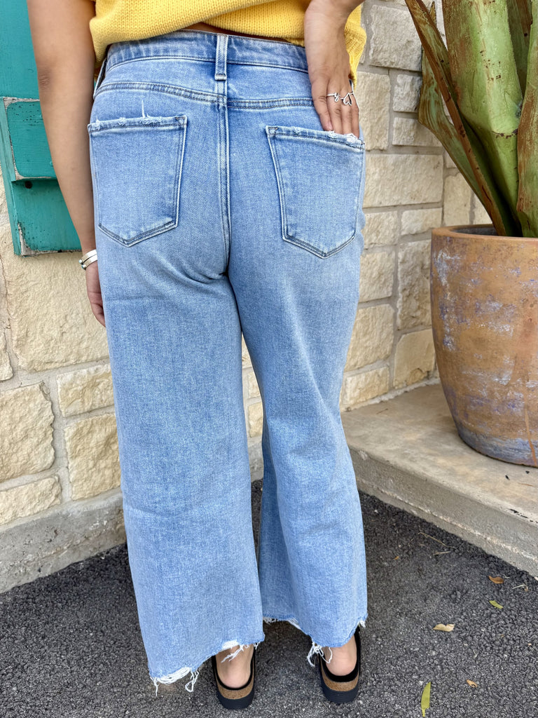 Ladies Light Wash Distressed Wide Leg Jeans - F6001
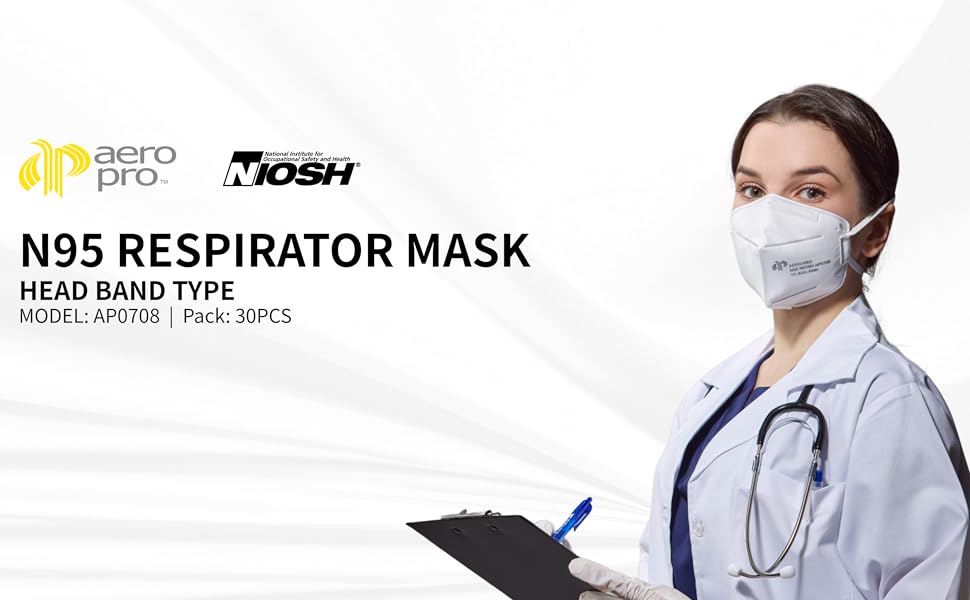 AERO PRO N95 Particulate Respirator Mask, NIOSH Certified, Model AP0708, Box of 30 Masks
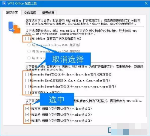 然后按下图设置。这样设置后,就断开了WPS与Office文档的默认关联。同时,用WPS创建的文件默认也保存为 docx、xlsx和pptx,这些文件可由Office打开 。
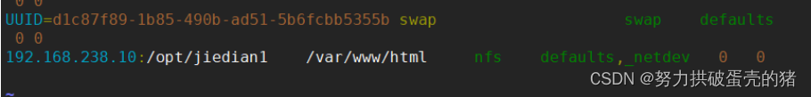192.168.238.10:/opt/jiedian1 /var/www/html nfs defaults,_netdev 0 0
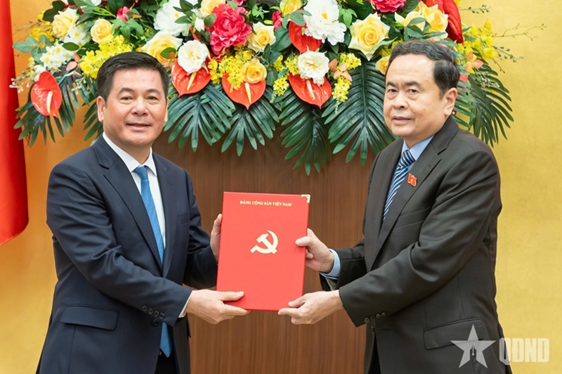 越南国会主席陈青敏向阮鸿延同志颁发任命决定(图片来源:人民军队报) |
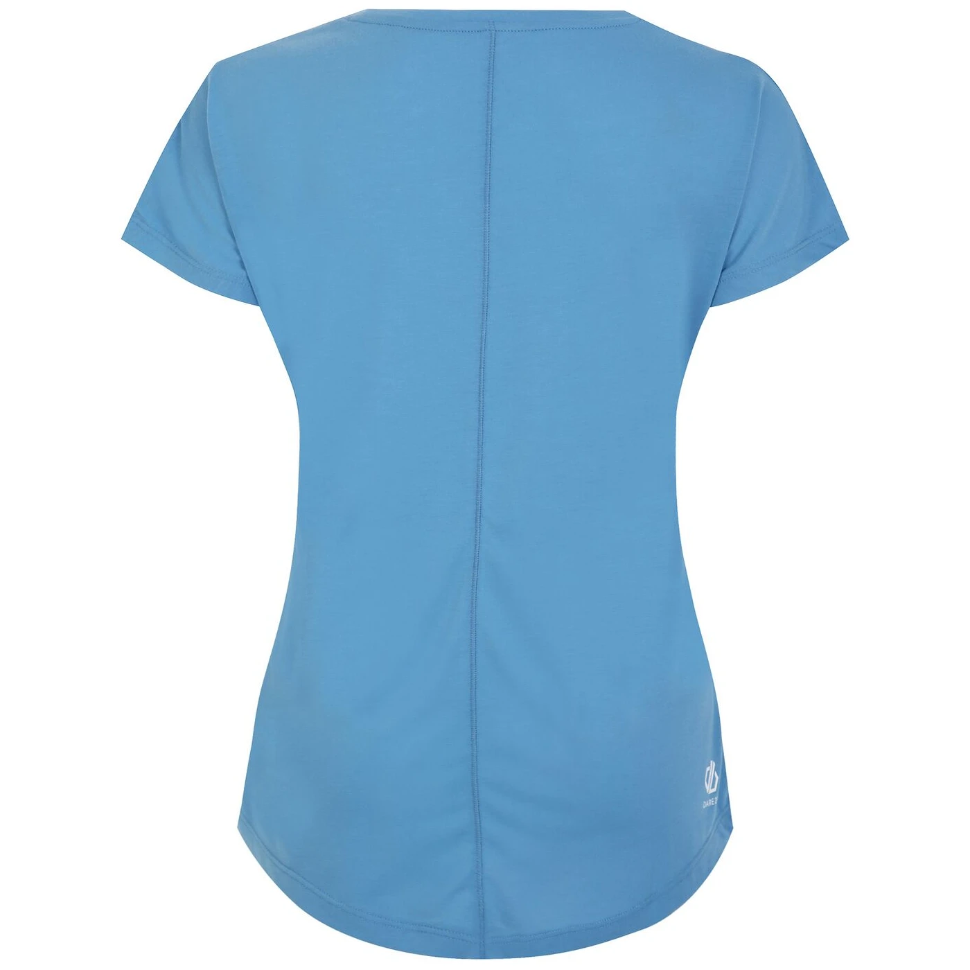 Das Damen T-Shirt Calm Tee Dare 2b überzeugt durch sein angenehmes Single-Jersey-Material aus einem Lyocell- und Polyester-Mix, eine antibakterielle Geruchsbehandlung und einen grafischen Druck.
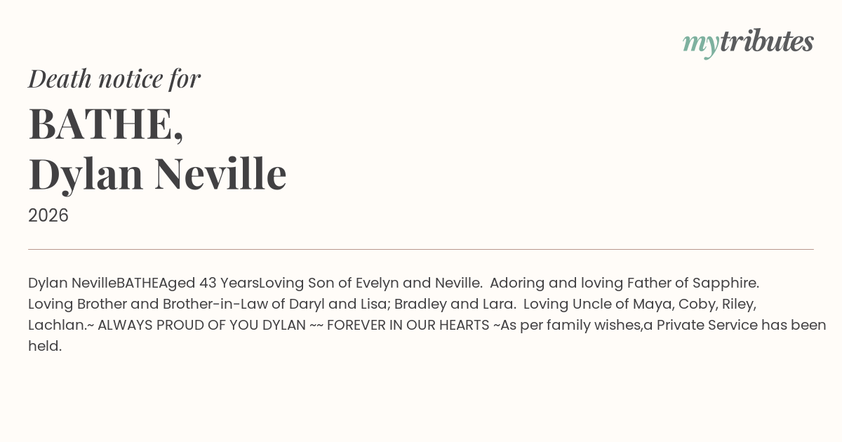 Loving Son of Evelyn and Neville. Adoring and loving Father of Sapphire. Loving Brother and Brother-in-Law of Daryl and Lisa; Bradley and Lara. Loving Uncle of Maya, Coby, Riley, Lachlan.
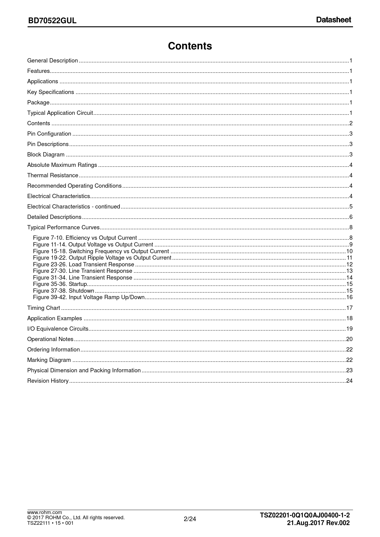 | Pages / Page | 28 / 2 — BD70522GUL. Contents. TSZ02201-0Q1Q0AJ00400-1-2. 21.Aug.2017 Rev.002 |
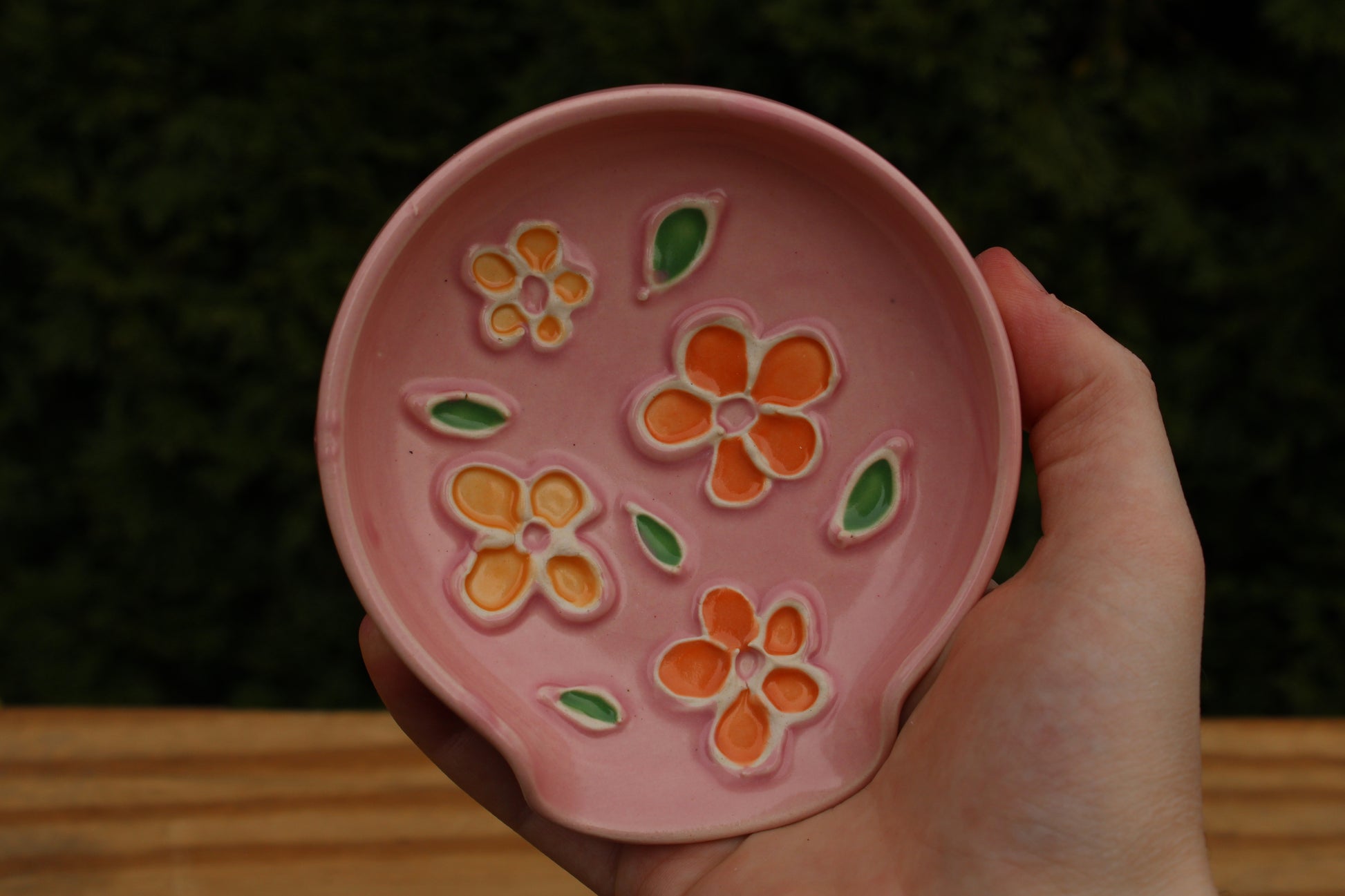 Dish for placing spoons and other utensils while cooking with slip trailing design
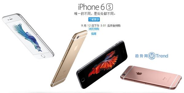 天猫苹果旗舰店iPhone6s预购入口://apple.tmall.com/。预购时间:9 月 12 日下午 3:01 后。

==================================================

DESCRIPTION OF THE TASK: Nothing should be printed except the lines from the one with "21.Aug.2017 Rev.002 |" through the last line of the listing above, both ends included; please drop the pictures.

WRITTEN ANSWER:
 | Pages / Page | 28 / 2 — BD70522GUL. Contents. TSZ02201-0Q1Q0AJ00400-1-2. 21.Aug.2017 Rev.002 |
 Dish for placing spoons and other utensils while cooking with slip trailing design
 天猫苹果旗舰店iPhone6s预购入口://apple.tmall.com/。预购时间:9 月 12 日下午 3:01 后。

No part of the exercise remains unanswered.